Большая часть его денег находилась в обороте. Он, уже после болезни,
вошел участником в одну большую акционерную компанию, впрочем очень
солидную. И хоть дела вели другие, но он тоже очень интересовался, посещал
собрания акционеров, выбран был в члены-учредители, заседал в советах,
говорил длинные речи, опровергал, шумел, и, очевидно, с удовольствием.
Говорить речи ему очень понравилось: по крайней мере все могли видеть его
ум. И вообще он ужасно как полюбил даже в самой интимной частной жизни
вставлять в свой разговор особенно глубокомысленные вещи или бонмо; я это
слишком понимаю. В доме, внизу, было устроено вроде домашней конторы, и один
чиновник вел дела, счеты и книги, а вместе с тем и управлял домом. Этого
чиновника, служившего, кроме того, на казенном месте, и одного было бы
совершенно достаточно; но, по желанию самого князя, прибавили и меня, будто
бы на помощь чиновнику; но я тотчас же был переведен в кабинет и часто, даже
для виду, не имел пред собою занятий, ни бумаг, ни книг.
Я пишу теперь, как давно отрезвившийся человек и во многом уже почти
как посторонний; но как изобразить мне тогдашнюю грусть мою (которую живо
сейчас припомнил), засевшую в сердце, а главное - мое тогдашнее волнение,
доходившее до такого смутного и горячего состояния, что я даже не спал по
ночам - от нетерпения моего, от загадок, которые я сам себе наставил.
II.
Спрашивать денег - прегадкая история, даже жалованье, если чувствуешь
где-то в складках совести, что их не совсем заслужил. Между тем накануне
мать, шепчась с сестрой, тихонько от Версилова ("чтобы не огорчить Андрея
Петровича"), намеревалась снести в заклад из киота образ, почему-то слишком
ей дорогой. Служил я на пятидесяти рублях в месяц, но совсем не знал, как я
буду их получать; определяя меня сюда, мне ничего не сказали. Дня три назад,
встретившись внизу с чиновником, я осведомился у него: у кого здесь
спрашивают жалованье? Тот посмотрел с улыбкой удивившегося человека (он меня
не любил):
- А вы получаете жалованье?
Я думал, что вслед за моим ответом он прибавит:
- За что же это-с?
Но он только сухо ответил, что "ничего не знает", и уткнулся в свою
разлинованную книгу, в которую с каких-то бумажек вставлял какие-то счеты.

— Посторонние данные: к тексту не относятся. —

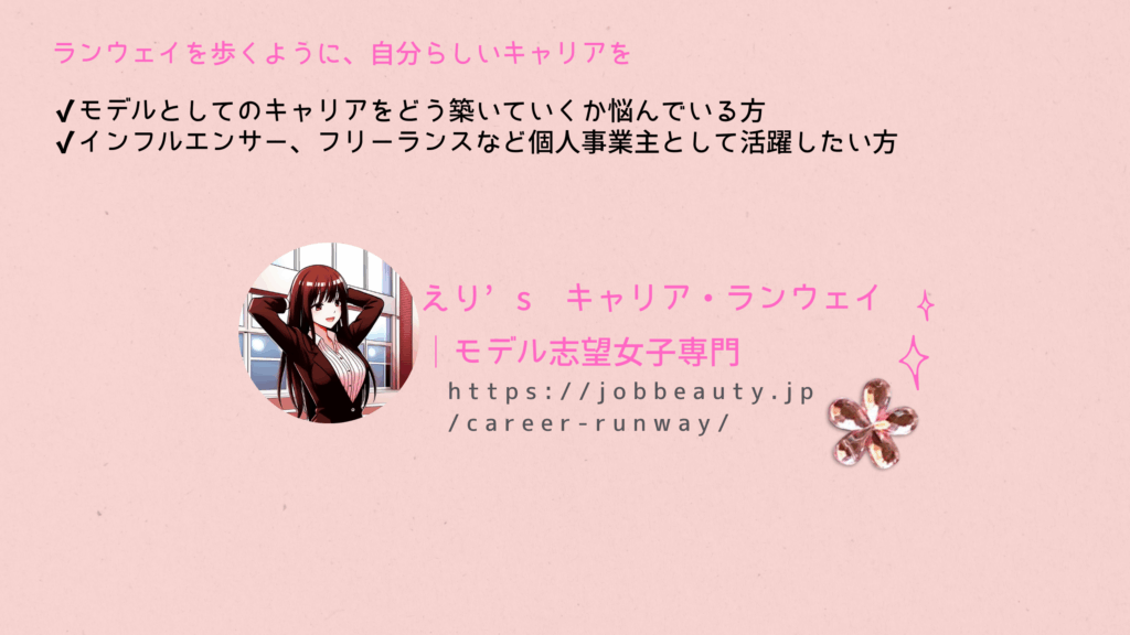 モデルの仕事は、あなたのルックス(外見)だけでは長く続きません。プロ意識、自己管理能力、そしてビジネス戦略が不可欠です。「えり’s キャリア・ランウェイ」は、この業界を**「ブランディングされたあなたの為の仕事」**として勝ち抜き、長く輝き続けるための専門プログラムです。

Ему, впрочем, небезызвестно было, что я кое-что и делал. Две недели
назад я ровно четыре дня просидел над работой, которую он же мне и передал:
переписать с черновой, а вышло почти пересочинить. Это была целая орава
"мыслей" князя, которые он готовился подать в комитет акционеров. Надо было
все это скомпоновать в целое и подделать слог. Мы целый день потом просидели
над этой бумагой с князем, и он очень горячо со мной спорил, однако же
остался доволен; не знаю только, подал ли бумагу или нет. О двух-трех
письмах, тоже деловых, которые я написал по его просьбе, я и не упоминаю.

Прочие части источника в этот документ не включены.